Since 2010, Miami has lost almost half of its Black residents as gentrification has exploded across the city. Along one block of 61st Street near his home, I walked past 12 buildings in a row that were either under construction or had a sign advertising new, higher rents.
Isaiah told me that to truly understand his city, you have to look beyond its biggest tourist attraction. “What's on the beach, that's on the beach,” he said, “but what we go through here in Miami is really bad.”
Climate change is a part of the reason why.
With rising seas threatening oceanfront properties, developers and wealthier residents are rebranding long-neglected Black neighborhoods like his as the new safe bet. The same redlined, inland areas that confined Black families to higher ground are now being marketed as “up-and-coming” — and long-term residents are paying the price.
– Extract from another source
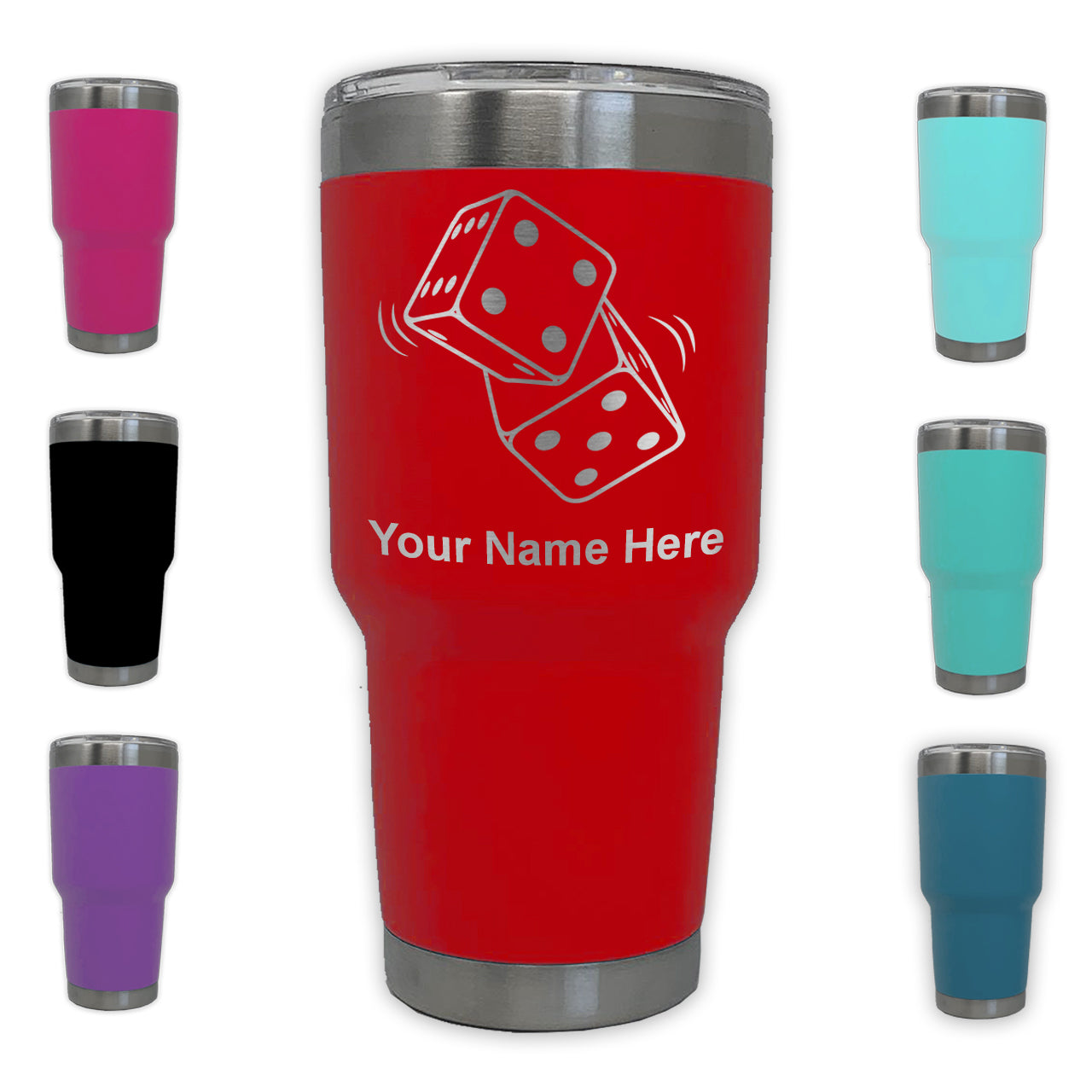 LaserGram 30oz Tumbler Mug, Pair of Dice, Personalized Engraving Included

In my latest piece, I follow Isaiah and his neighbors as they navigate this new reality: landlords clearing out buildings for renovations, rent hikes that double almost overnight, and a city that leads the nation in all-cash investment offers on homes.
For residents like Isaiah, climate change doesn’t show up first as a hurricane or a king tide. It is showing up as gentrification: an eviction notice, a demolished public housing building, and as a developer with a cash offer. It shows up as a neighborhood where the faces on the block start to look different, while the people who built that community are pushed farther away from opportunity, transit, and safety.
Isaiah’s story is one of many, but it reveals a pattern stretching across Miami and other coastal cities: Black communities are being asked to absorb the costs of a crisis they did not create, all over again. And it is already happening in places like Charleston, South Carolina; Norfolk, Virginia; and Houston — and maybe your neighborhood next.